Step 1: Installation and Usage

1. Configure the necessary dependencies: Install MMEngine and MMCV using MIM to ensure the smooth installation of the custom-built MMPose source code in the project.

pip install -U openmim
mim install mmengine
mim install "mmcv>=2.0.0"

2. Download the code from this repository: To download the code provided in this repository, you can use Git or click on the "Download ZIP" button in the top right corner. After downloading, you can proceed with the MMPose installation.

The code provided in this repository includes additional components for the challenge dataset, such as the CephalometricDataset and CephalometricMetric classes, to enhance the user experience. If your current PyTorch version (Pytorch version should 1.8+) is not compatible, you can create a virtual environment using conda for perfect compatibility. Please refer to the MMPose Installation Tutorial for instructions on setting up a virtual environment.

git clone https://github.com/szuboy/CL-Detection2023-MMPose.git
cd CL-Detection2023-MMPose/mmpose_package/mmpose
pip install -r requirements.txt
pip install -v -e .
# "-v" displays more installation-related information
# "-e" installs the package in editable mode, allowing local modifications to take effect without reinstallation

3. Test the installation: To verify that the above installation steps have been executed successfully and that MMPose can be used for model training and testing, you can run the step1_test_mmpose.py script. The expected output should correspond to the installed version:

import mmpose
print(mmpose.__version__)
# Expected output: 1.0.0

Step 2: Data Preparation

1. Obtaining Training Data: You should have already downloaded the challenge training images and annotation files. Please refer to the detailed instructions on the challenge website. Specifically, you need to send the completed registration form to the corresponding email address to obtain access to the data. Rest assured that we will promptly review and approve your request.

2. Data Preprocessing: For the CL-Detection 2023 challenge dataset, the organizers have standardized the images by zero-padding them to a uniform size of (2400, 2880, 3). This is done to optimize storage expenses and facilitate distribution. Consequently, some irrelevant regions need to be removed, and JSON files in the required format for the MMPose framework need to be generated. The main purpose of the preprocessing script is to address these two issues.

In this step, you can execute the script step2_prepare_coco_dataset.py to automate the aforementioned operations. There are two options for data processing as follows.

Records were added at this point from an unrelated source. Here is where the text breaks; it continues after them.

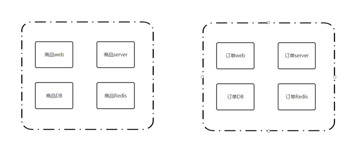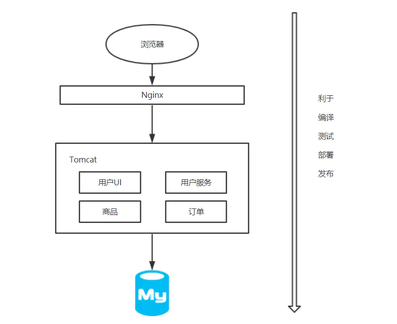 单体应用满足不了日趋增长的需求之后,微服务出现了。我们利用微服务的思想,将原来的单体应用进行微服务化。将原来集中于一体的功能(如商品、订单服务)进行拆分,每个功能模块又各自的自成体系的发布、运维等功能。这样就解决了单体应用的弊端,如下:
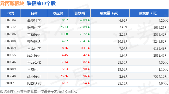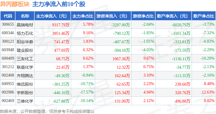 从资金流向上来看,当日异丙醇板块主力资金净流入6296.37万元,游资资金净流出9467.72万元,散户资金净流入3171.35万元。异丙醇板块个股资金流向见下表:
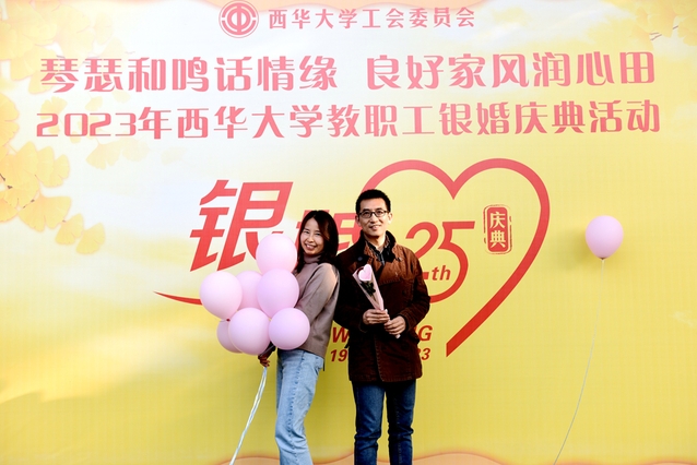 为深入贯彻落实习近平总书记关于家风建设的重要论述,纪念相濡以沫的25载芳华岁月,促进教职工事业家庭双丰收,1123日下午,校工会在梦桐泉举行2023年教职工银婚庆典活动,伉俪们欢聚一堂,共同庆祝这一美好时刻,校工会常务副主席王大清、副主席蓝进及校工会工作人员参加了此次活动,见证银婚夫妇们的甜蜜与幸福,活动由外国语学院教师罗雨虹主持。
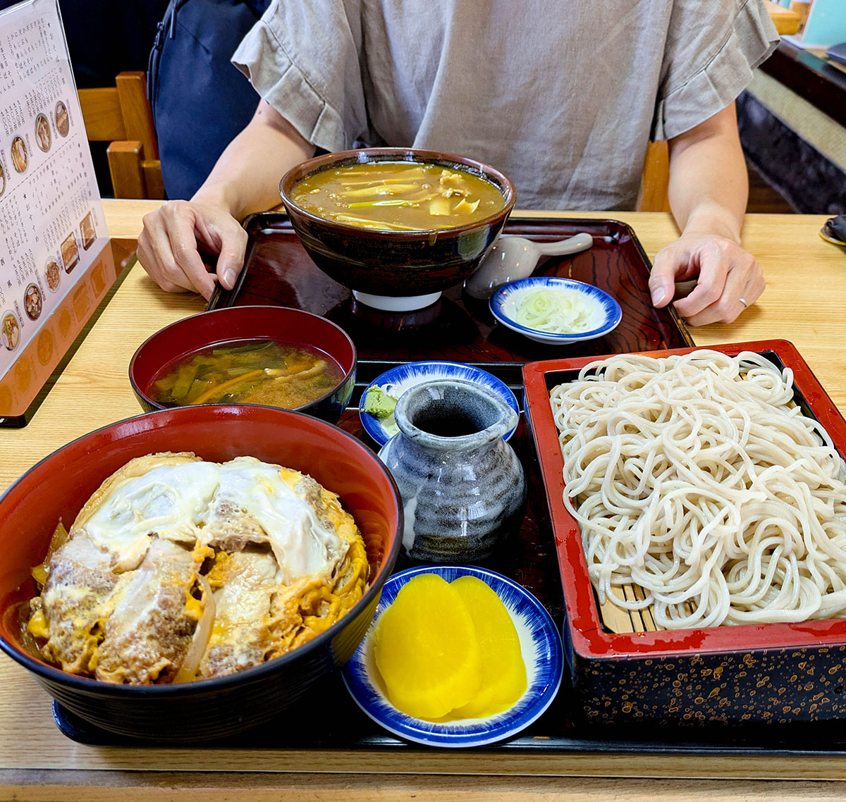 さて、富岡の「お腹のよりどころ」と言えば、やっぱりそば処「やぶ富」でしょう!1978年の創業以来ファンも多く、昼時になるとお店の外まで香ってくるおだしの良い香りに誘われ、ついつい入っちゃうお蕎麦屋さんです。「たくさん食べて、たくさん働いてもらえるようにね」と女将さんが言うように、ボリューム満点のメニューも!カツ丼にカルビ丼などのガッツリ系にお蕎麦がついたセットメニューも人気。昼からお蕎麦にビールを一杯、女将さんと楽しそうに話す常連さんの姿もまた、「富岡」のひとコマでしょう(笑)。
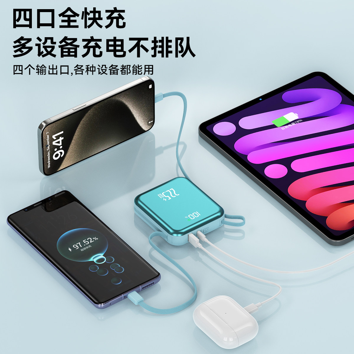 自带双线 双向快充超大容量适用苹果安卓
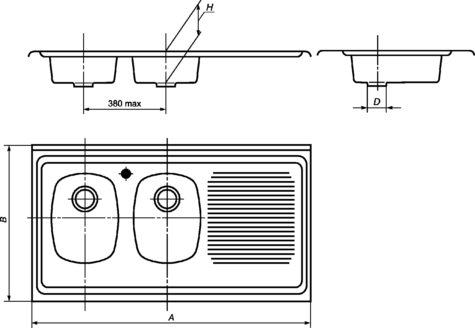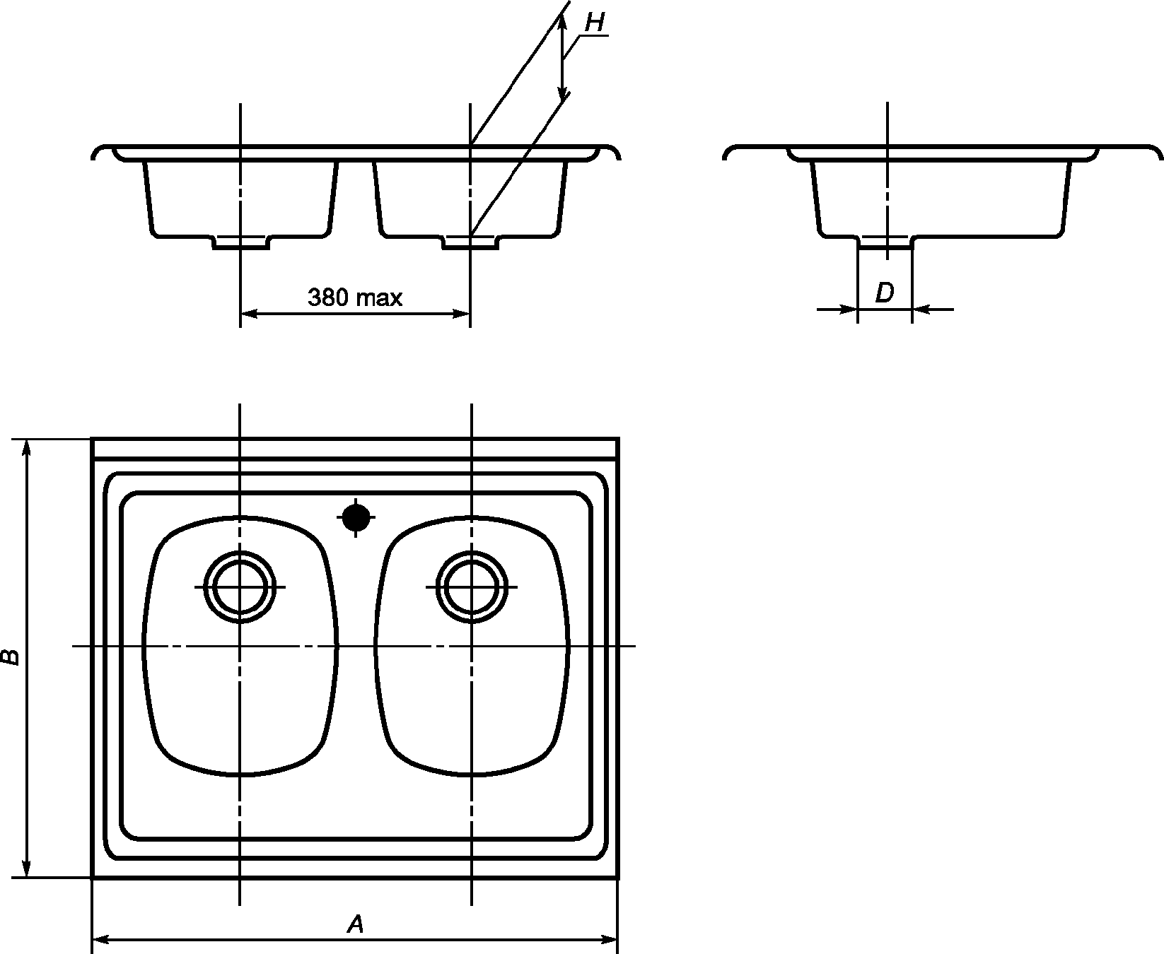 Тип мойки | Длина A +/- 3 | Ширина B +/- 3 | Глубина чаши H, не менее |
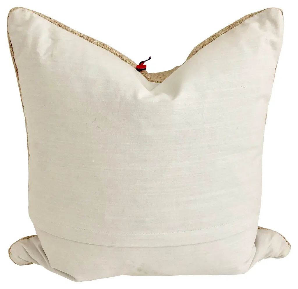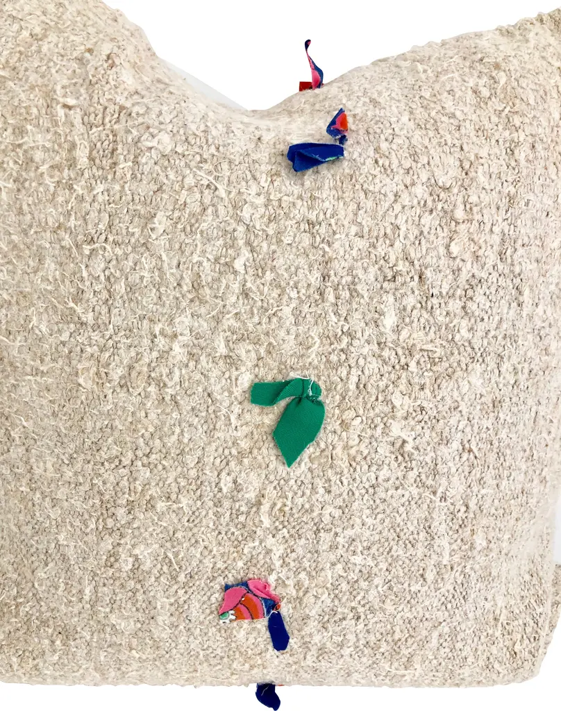 Pillow made from a vintage Turkish kilim festooned with swatches of fabric ties.Linen back. Zipper closure. Feather-and-down insert included.
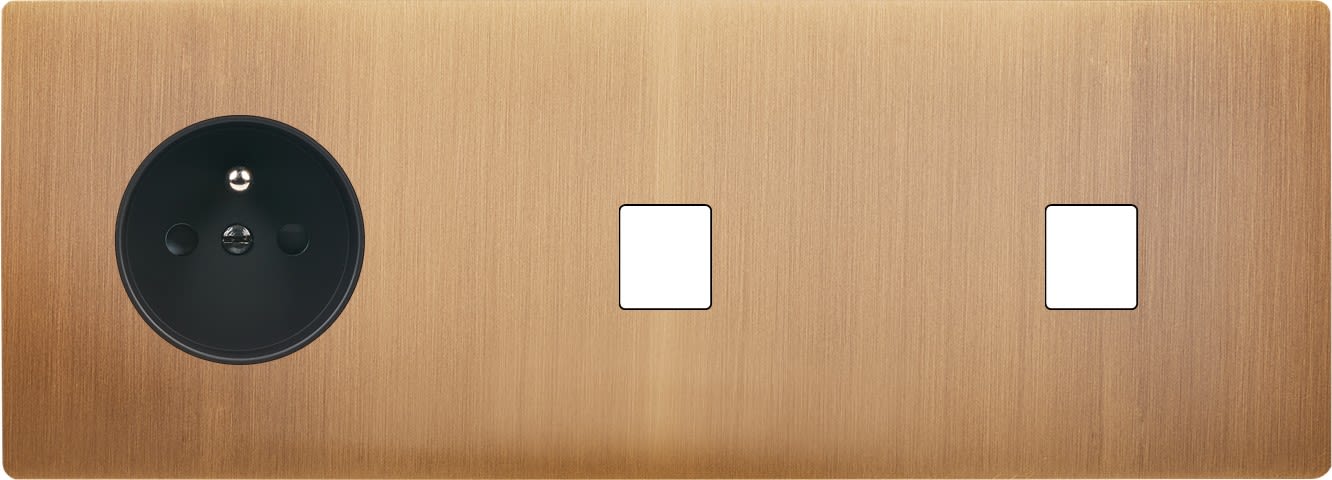 Façade "M" en laiton massif finition Vieux Bronze Triple horizontale, 1 prise de courant 2P+T / 1 Media 1 Media. Façade magnétique. Fabriquée en France.
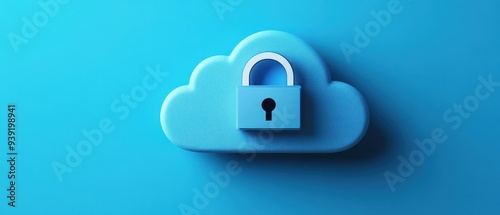 Secure Cloud Data Privacy Concept with Blue Lock and Cloud Icon on Blue Background
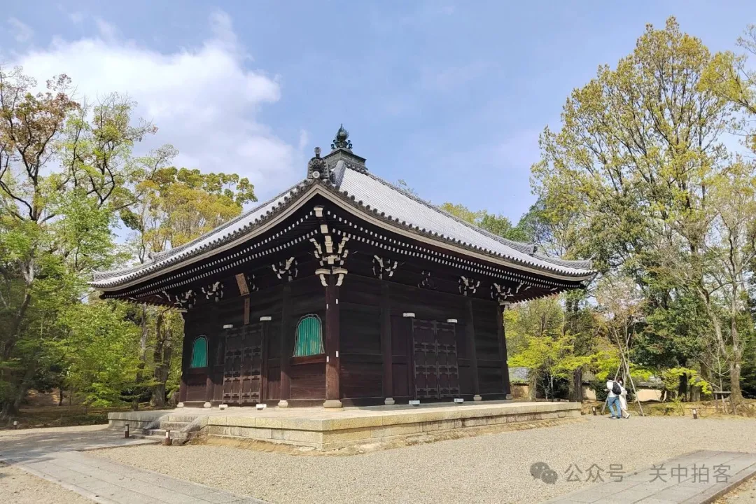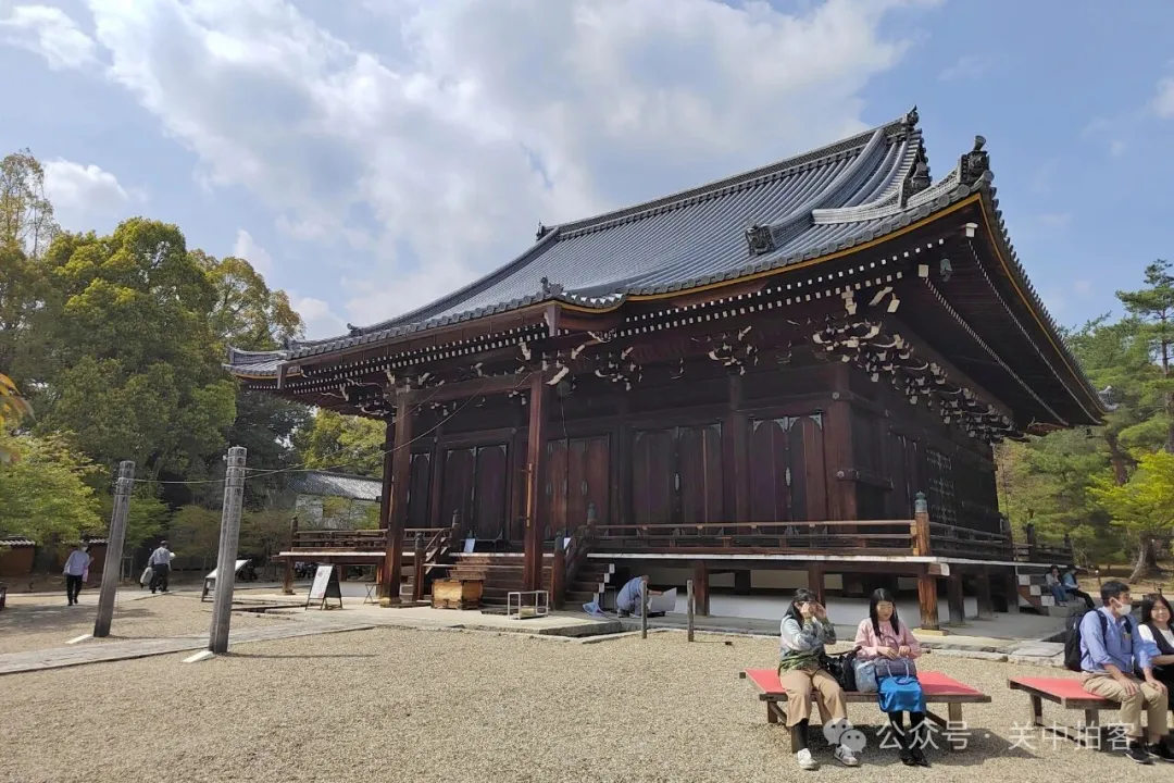 这里是仁和寺的正殿,位于寺院北部中心处,原本是建造于1613年京都御所的紫宸殿。宽永年间(1624—1644),将紫宸殿移筑于此地,殿内供奉着阿弥陀三尊和四大天王像。
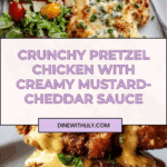 Keywords: Pretzel Chicken, Mustard-Cheddar Sauce, Baked Chicken, Crunchy Chicken Recipe, Easy Dinner, Chicken Breast, Cheddar Cheese Sauce
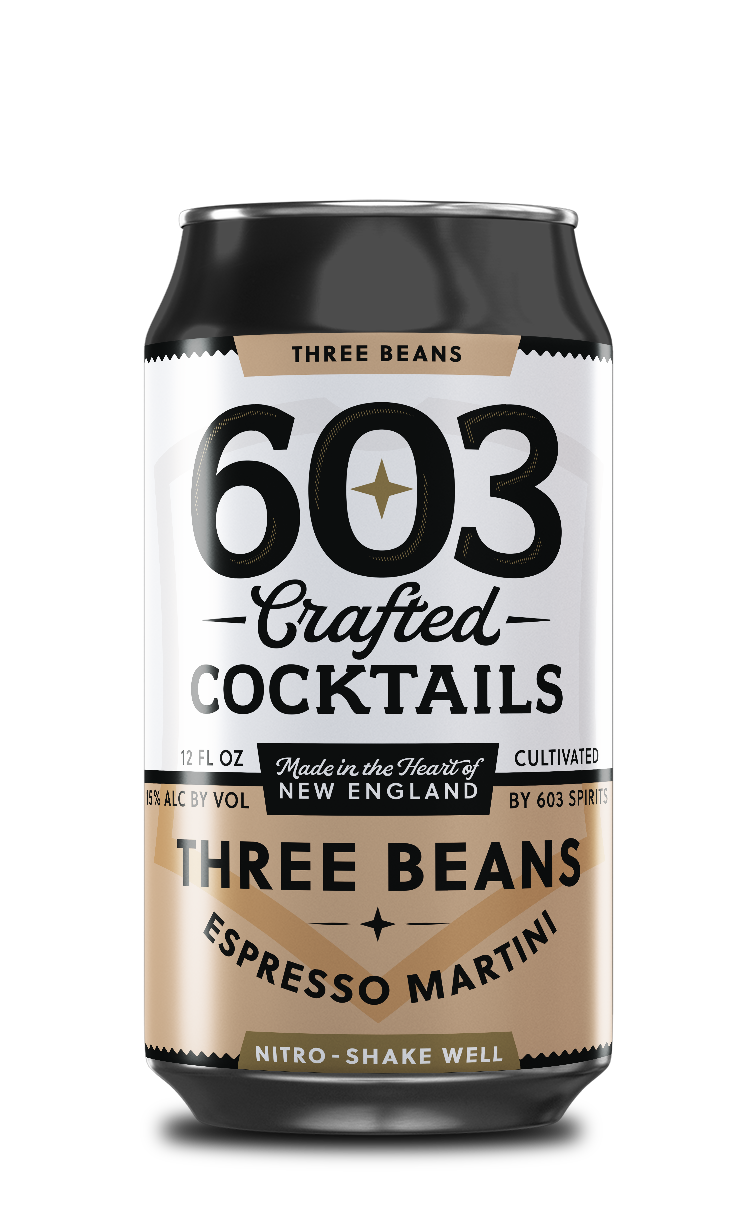 603 Crafted Cocktails Three Beans Espresso Martini- is made with vodka, coffee, chocolate, Madagascar vanilla, cream, Demerara, and infused with nitro for the ultimate velvety smooth sip.

  • Modify or set the following data access path parameters and result storage paths in the script step2_prepare_coco_dataset.py, and then run the script:
parser = argparse.ArgumentParser()

# data parameters
parser.add_argument('--mha_file_path', type=str, default='/data/zhangHY/CL-Detection2023/train_stack.mha')
parser.add_argument('--train_gt_path', type=str, default='/data/zhangHY/CL-Detection2023/train-gt.json')

# save processed images dir path
parser.add_argument('--image_save_dir', type=str, default='/data/zhangHY/CL-Detection2023/MMPose')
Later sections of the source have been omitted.